| TASK BRIEF |
Exactly and only the lines below from the one containing "Jeune homme debout" down to the one containing "В завершение мероприятия" are wanted, both included; please exclude every picture.

| RECORDS TO USE |
--
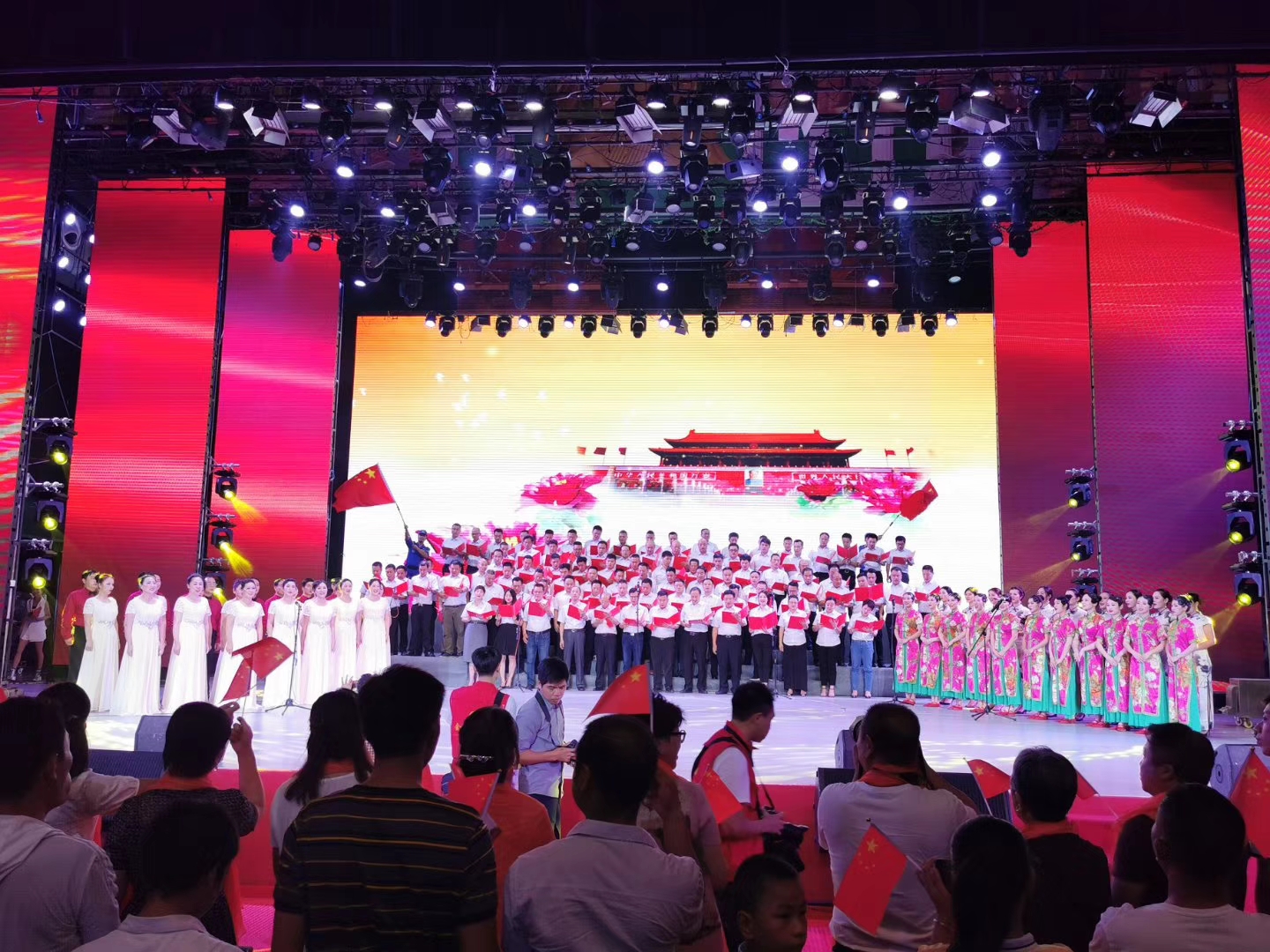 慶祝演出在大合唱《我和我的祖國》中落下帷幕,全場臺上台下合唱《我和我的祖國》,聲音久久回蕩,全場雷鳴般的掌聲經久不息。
--
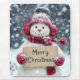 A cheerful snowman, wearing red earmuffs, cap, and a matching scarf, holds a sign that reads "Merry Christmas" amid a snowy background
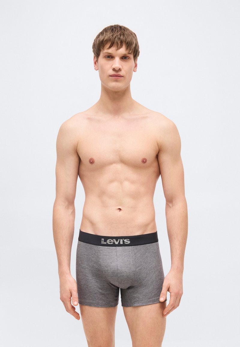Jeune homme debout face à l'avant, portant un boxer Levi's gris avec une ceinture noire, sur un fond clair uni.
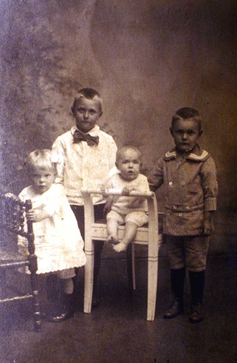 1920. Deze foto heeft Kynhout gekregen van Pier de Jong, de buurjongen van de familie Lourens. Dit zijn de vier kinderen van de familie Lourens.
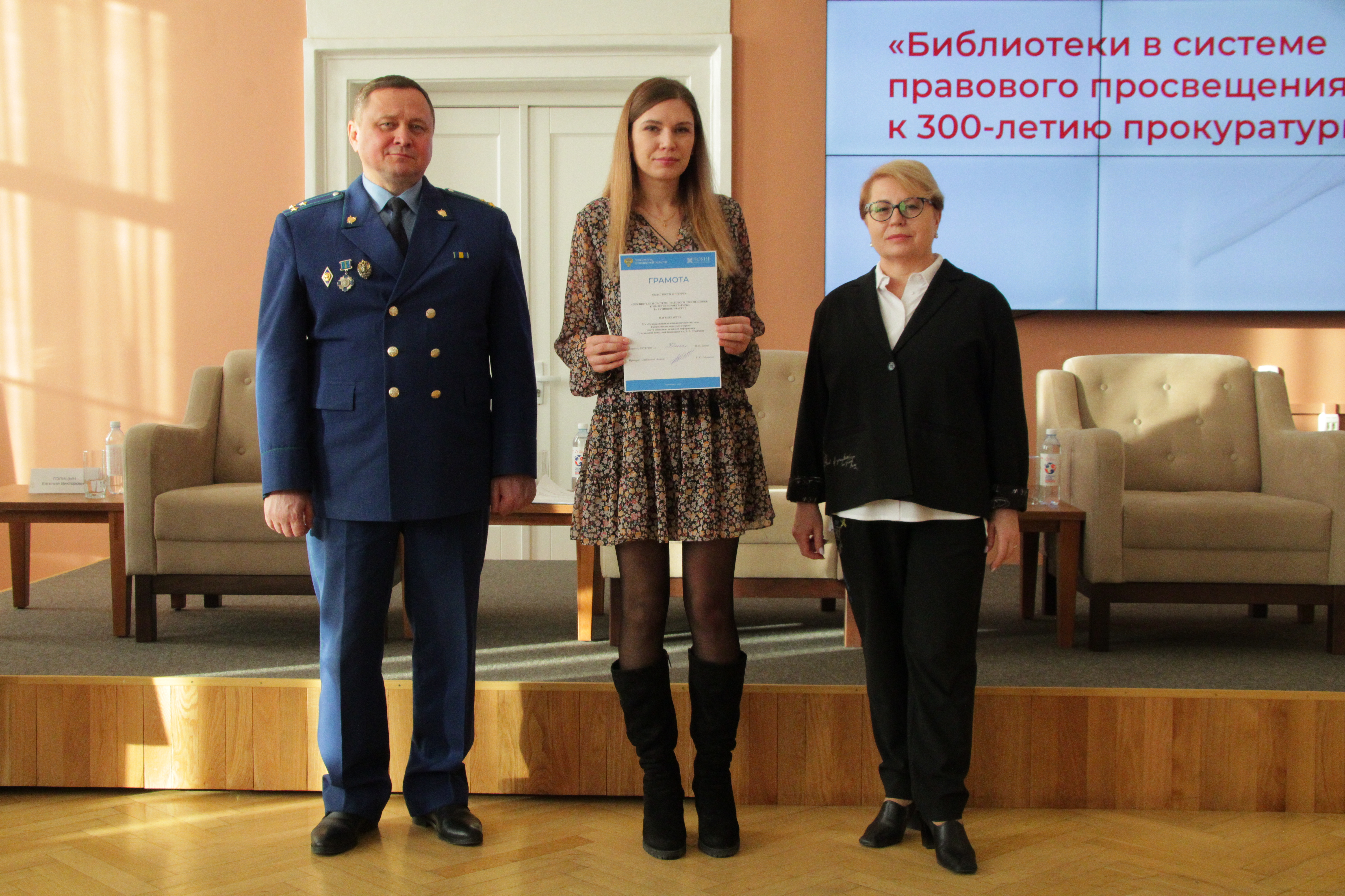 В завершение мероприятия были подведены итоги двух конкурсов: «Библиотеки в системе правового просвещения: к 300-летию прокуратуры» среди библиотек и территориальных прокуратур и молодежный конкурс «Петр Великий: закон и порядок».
--
| COMPLETED EXERCISE |
Jeune homme debout face à l'avant, portant un boxer Levi's gris avec une ceinture noire, sur un fond clair uni.
 1920. Deze foto heeft Kynhout gekregen van Pier de Jong, de buurjongen van de familie Lourens. Dit zijn de vier kinderen van de familie Lourens.
 В завершение мероприятия были подведены итоги двух конкурсов: «Библиотеки в системе правового просвещения: к 300-летию прокуратуры» среди библиотек и территориальных прокуратур и молодежный конкурс «Петр Великий: закон и порядок».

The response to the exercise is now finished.